Your instructions = The task for the listing below is to write out exactly the lines starting at the one containing "تصویر ۲: نگاره" and ending at the one containing "सूखी पानी टंकी।", both included. Pictures are to be omitted.

Entries shown =
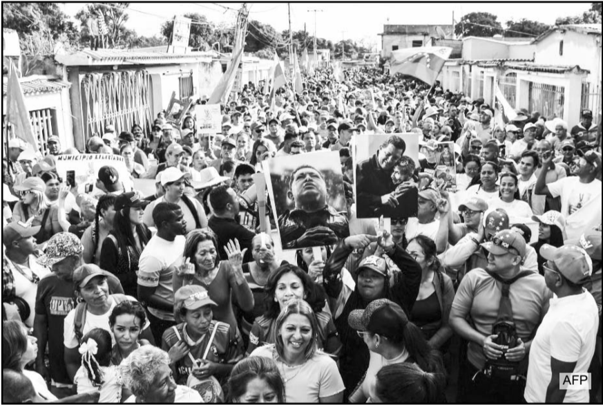
Manifestantes sostienen fotos del difunto presidente venezolano Hugo Chávez durante una manifestación en apoyo al depuesto presidente venezolano Nicolás Maduro.

Al cierre de la jornada, familiares de detenidos continuaban concentrados frente a cárceles y centros de reclusión, denunciando que las liberaciones avanzan “a cuentagotas”, pese a los anuncios oficiales y a la expectativa generada tras la caída de Maduro.
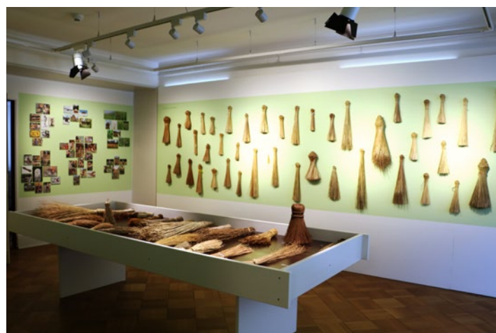
EINE ZEITREISE IN DAS SPANNENDE STROHMUSEUM WOHLLEN

Raus aus dem Alltag, rein ins Abenteuer. Mit Unterstützung des Zivilschutzes und den Aktivierungs-Mitarbeiterinnen und natürlich den begeisterten Teilnehmenden.
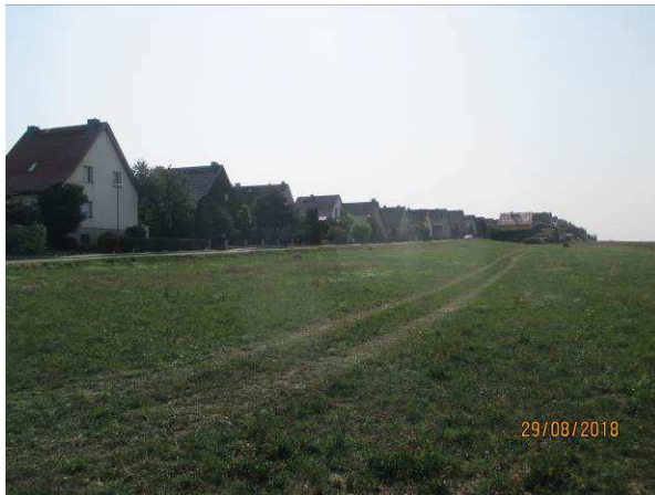
Blick auf das Plangebiet entlang der Ernst-Thälmann-Str.

Ziel der Satzung ist es, die vorhandene Bebauung entlang der Ernst-Thälmann-Straße durch Einbeziehung der Außenbereichsflächen in die im Zusammenhang bebaute Ortslage zu ergänzen. Durch die Ergänzung des unbeplanten Innenbereichs um diese Außenbereichsflurstücke wird die Abrundung des Ortsrandes in diesem Bereich bezweckt.
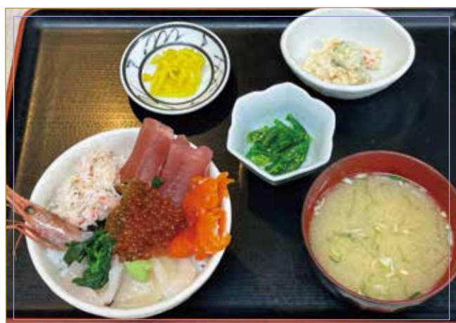
海鮮丼 (イクラ、マグロ、ホタテ、サーモン、エビ、カニ)
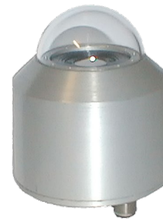
Modèle en boîtier tous temps pour utilisation en extérieur FLD7 33-UVE Fiche technique voir chapitre Météorologie
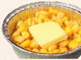
コーンバター ホイル焼き
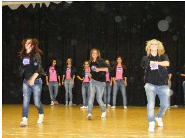
Ennyi lányt ritkán látni a PÁGISZ-ban!
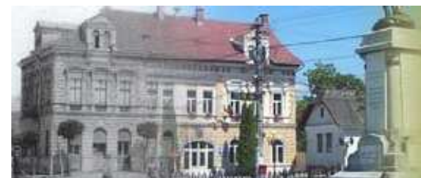
Primăria Municipiului Săcele
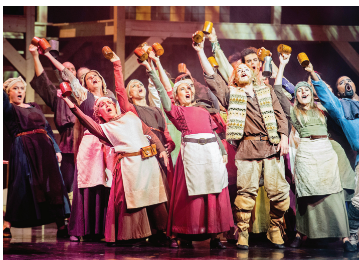
«Guillaume Tell» a été présenté au Théâtre du Martolet à Saint-Maurice. HÉLOÏSE MARET

En concert le 24 juin au Festival des 5 Continents, Martigny et le 3 août au Palp Festival, Martigny. www.meimuna.ch
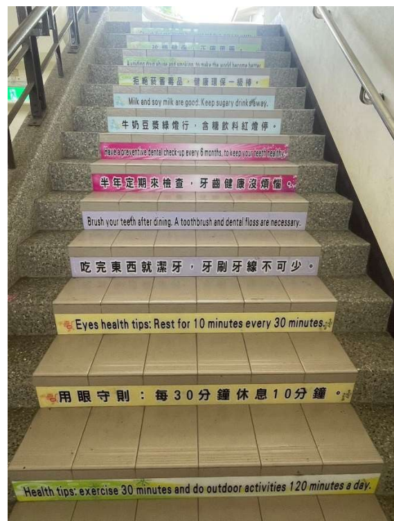
階梯布置中、英文的健促標語
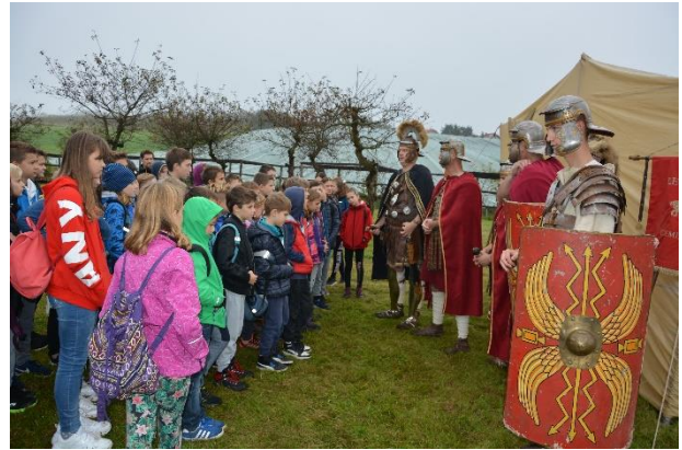
Sliki 29 in 30: Rimski vojaki med predstavitvijo bojevanja.

Nekateri učenci so se lahko pomerili v mečevanju (za zabavo seveda in z lesenimi meči). Učencem je bilo najbolj všeč prav dostopnost vojakov, saj so se jih lahko dotaknili, prijeli za ščit, kožuh idr.
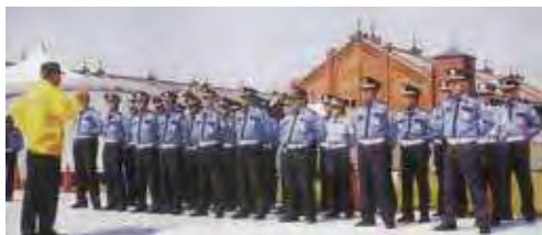
●横浜赤レンガ倉庫、MMでの警備開始
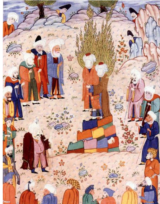
تصویر ۲: نگاره غدیر خم، نسخه احسن الکبار قرن ۱۶ میلادی، دوره صفوی، کاخ گلستان.

دوستانه در این نگاره بین افرادی موجود، می‌تواند گویای بیان آرام و بدون خشونت مسئله جانشینی علی (ع) باشد.
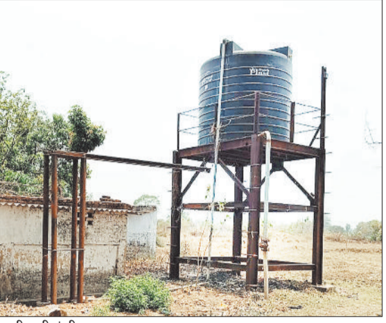
सूखी पानी टंकी।

कोल कर्मी व उनके परिजनों को भीषण गर्मी में पानी के लिए जदोजहद करना पड़ रहा है। एसईसीएल के कटाईनार में पिछले एक माह से पानी सप्लाई बाधित है जिसकी वजह से हाहाकार मचा हुआ है। एसईसीएल प्रबंधन को इसकी शिकायत की गई है। बावजूद इसके अब तक पानी सप्लाई की व्यवस्था नहीं की जा सकी है। कटाईनार एसईसीएल माइनस कॉलोनी में एक माह से पानी सप्लाई बंद है। जिसके कारण एसईसीएल कर्मी एवं उनके परिवार को पानी के बिना भीषण गर्मी में परेशानियों का सामना करना पड़ रहा है। इस संबंध में कुछ
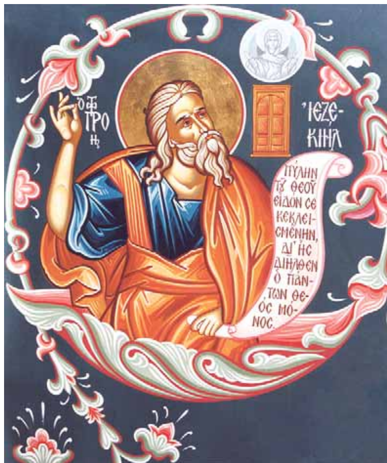
Ὁ προφήτης Ἰεζεκιήλ: Ἔργο τῶν ἀδελφῶν τῆς Ἱερᾶς Μονῆς Ἁγίου Ἰωάννου Προδρόμου, Καρέα.
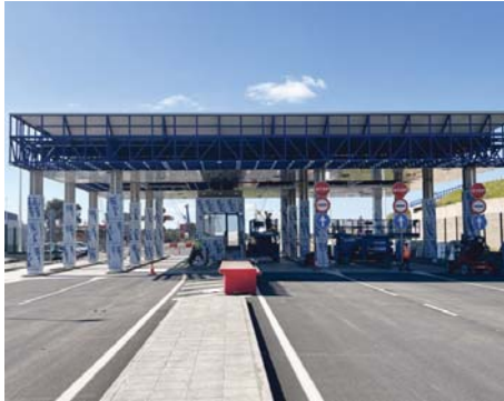
Acceso único al Puerto Exterior. VH

Este proyecto completa las obras de acceso a las inmediaciones del Muelle Ingeniero Juan Gonzalo, desde la intersección a nivel existente ti-
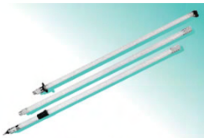
ODC-70 (上) ODC-150 (中) ODC-270 (下)
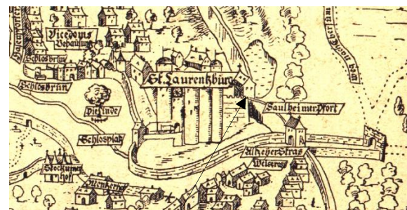
1577, die Burgkapelle St. Laurentius. 20

Damit endeten auch die seit 1503 bekannten alljährlich durchgeführten Prozessionen zur Laurentiuskapelle.
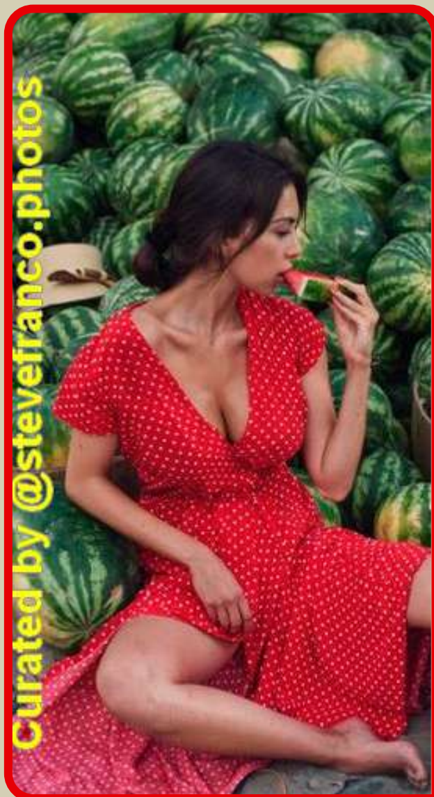
Το Καλοκαίρι από τα φρούτα φαίνεται

(Το ανέκδοτο αυτό το υπέβαλε στο διαγωνισμό ο Geoff Anandappa από το Μπλάκπουλ).
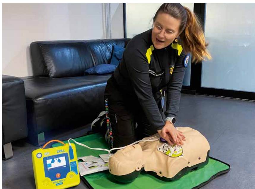
Jennifer Lopez vous enseignera le maniement des défibrillateurs avec enthousiasme.
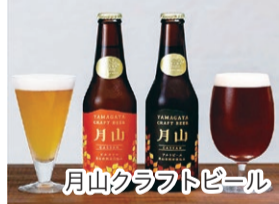
月山クラフトビール
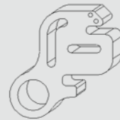
Schnellwechseleinsatz Tisch mit Anschlagfinger (gehärtet)
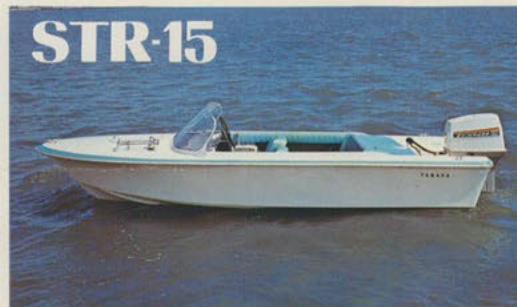
ストライブ15 — 波に挑むアクションボート
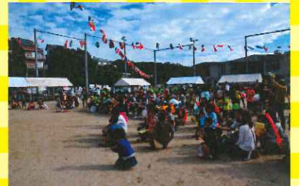
オープニングセレモニー！！
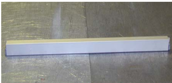
BURLETE AUTOMÁTICO DE SUELO
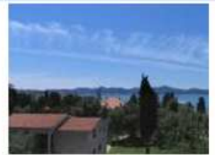
Cirrus uncinus (Ci unc)
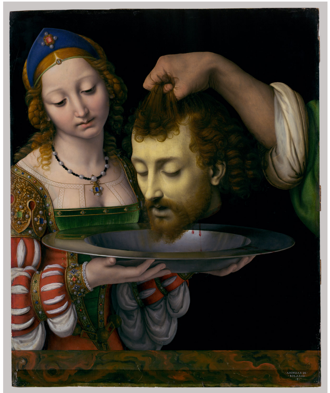
Salome with the head of St. John the Baptist. Andrea Solario, 1465-1524.
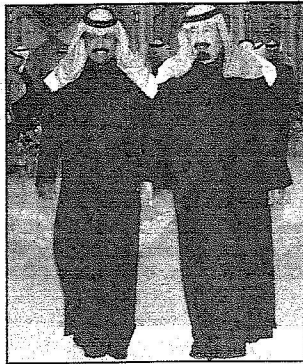
ويصلحيه لحفل العشاء
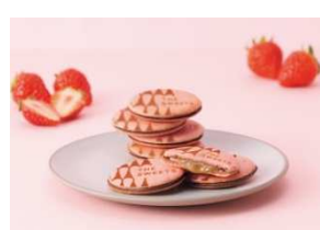
ストロベリーキャラメル サンドクッキー
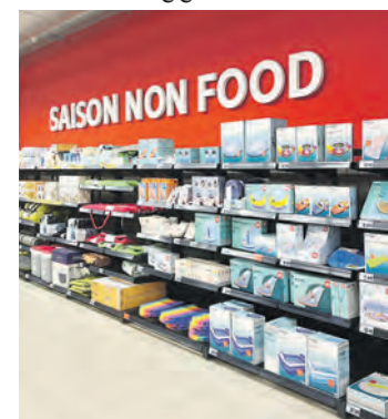
Saisonal wechselnde Aktionsware ergänzt das Angebot.

von 22 kW bis 300 kW an, kaufen ein und kehren im Anschluss zu ihrem geladenen Fahrzeug zurück. Und weil mit 100 Prozent Ökostrom geladen wird, wird der Besuch im EKT Farmsen noch nachhaltiger. Die Bezahlung erfolgt über alle gängigen Ladekarten und Apps sowie Ad-hoc-Laden per Kreditkarte.
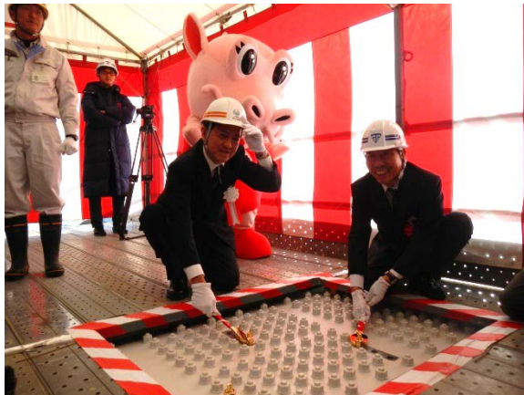
▲金色のボルトで締結完了
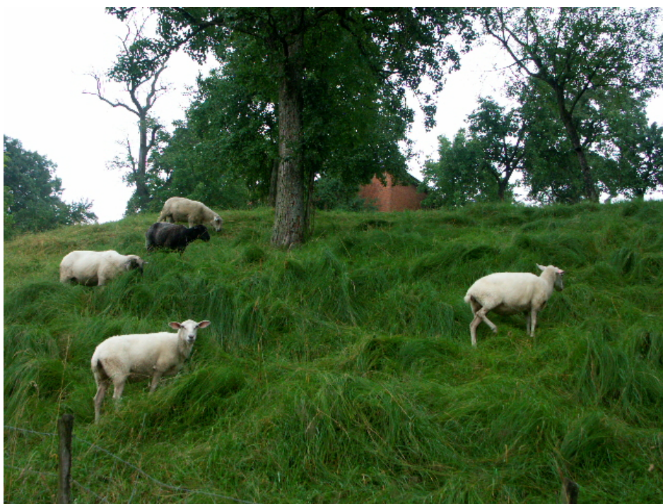
Abb. 6: Extensive Beweidung in Bachmannsberg

Task response =
تصویر ۲: نگاره غدیر خم، نسخه احسن الکبار قرن ۱۶ میلادی، دوره صفوی، کاخ گلستان.

دوستانه در این نگاره بین افرادی موجود، می‌تواند گویای بیان آرام و بدون خشونت مسئله جانشینی علی (ع) باشد.
सूखी पानी टंकी।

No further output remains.